Intel Sweep is designed with security as a first-class constraint, not an afterthought. This document describes the threat model, security boundaries, and hardening measures.

Intel Sweep processes untrusted web content through an LLM. The primary threats are:

1. Prompt injection via search results: malicious content in web pages could attempt to manipulate the scoring LLM into producing unintended behavior.
2. Data exfiltration: a compromised or malicious component could attempt to send sensitive data (API keys, scored results, topic lists) to an external endpoint.
3. Credential exposure: API keys stored insecurely or logged inadvertently.
4. Unauthorized access: if the scanner is network-accessible, unauthorized parties could trigger scans or read results.

• Send HTTP requests to configured search APIs
• Send HTTP requests to configured LLM APIs
• Read and write to configured storage backends (Firestore, local files, SQLite)
• Send notifications to configured webhook URLs

• Access your filesystem beyond its data directory
• Execute arbitrary code from search results
• Install plugins or skills from external sources
• Send data to any endpoint not explicitly configured
• Access email, calendar, messaging apps, or any other services

This is the fundamental security difference from agent frameworks with broad permissions.

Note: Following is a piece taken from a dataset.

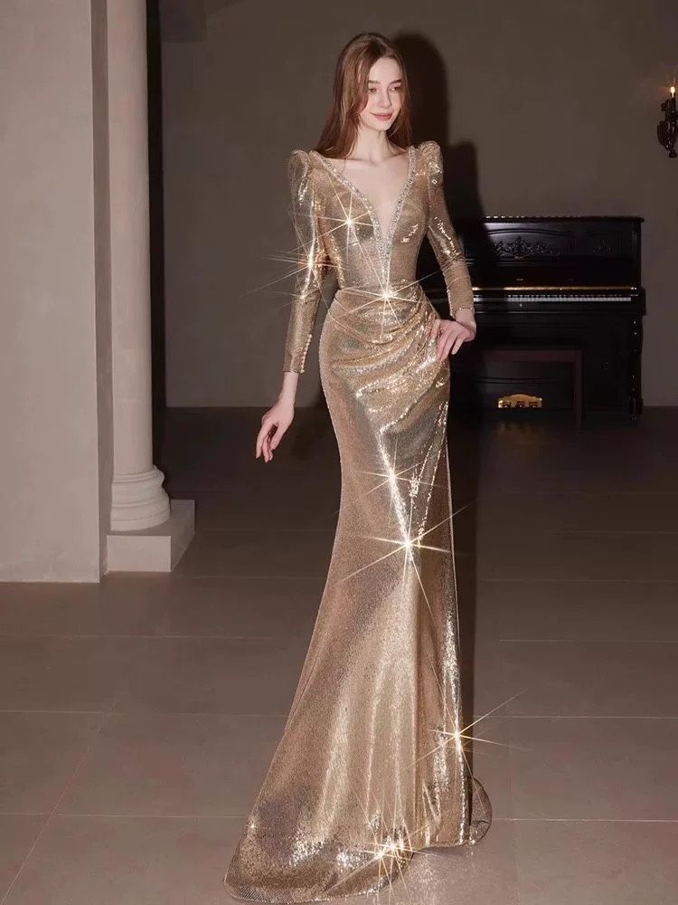 Selling a stunning gold sequin evening gown. This dress features a deep V neckline, structured shoulders, and a beautifully draped waist that enhances the figure. The full-length silhouette and train create a dramatic, elegant look that photographs beautifully. Perfect for: ✨ Formal events ✨ Weddings ✨ Galas ✨ Red-carpet style photoshoots ✨ Holiday or New Year parties I only wore it once for an event. Perfectly like-new condition with no flaws, loose sequins, or stains.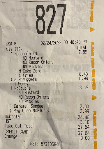 On 2 occasions, I ordered 1/4 pounder and big mac meals thinking as these are often ordered items so I wouldn't have to wait 20 minutes for my order in the "please wait over there" line and a 3rd time, I ordered a bacon and egg english muffin meal. No such luck in any of the above cases, every time, I'm directed to the "wait over there" line and the breakfast meal, after a 10 minute wait, was completely incorrect...I was handed an all dressed BLT sandwich, with only 1 1/2 slices of bacon on it. McDonalds has become nothing but an expensive disappointment these days . (Original post) I ordered a crispy McChicken BLT meal and this was my experience: After waiting in the drive thru line for 20 min, I was then asked to wait in the line up of cars already waiting for their food to be delivered to their cars. Twenty minutes later, I had to ask an employee where my crispy chicken BLT sandwich and fries were....about five min later an employee finally shows up with my food providing excuses "busy" "coupons" etc (this was at 9pm)....by this time I'm so hungry, I just want to get home (45 minute wait in total)...when I do, I find that not only are fries completely unsalted, I didn't get that crispy BLT chicken sandwich as advertised on the outside of the food carton...instead I got a chunk of flabby grilled chicken with a piece of rotten lettuce and flabby bacon. So...

The scanner binds to 127.0.0.1 by default. The config loader emits a warning if 0.0.0.0 is configured. There is no reason for Intel Sweep to accept inbound connections from the network in normal operation.

All API keys and tokens are resolved from environment variables. The config file contains only the names of environment variables, never their values. This means:

• Config files can be committed to version control safely
• Secrets are managed through your platform's secrets manager (GCP Secret Manager, AWS Secrets Manager, Vault, etc.)
• Rotation doesn't require config file changes

The scoring prompt is structured to minimize injection risk:

• The LLM is instructed to return ONLY a JSON object with score and reason
• Input content (titles, snippets) is truncated to 1,000 characters
• The system prompt does not grant the LLM any tool-use or action capabilities
• Scoring results are parsed as JSON; non-JSON responses are discarded with score 0.0

This does not make prompt injection impossible, but limits the blast radius to inaccurate scoring — not data exfiltration or code execution.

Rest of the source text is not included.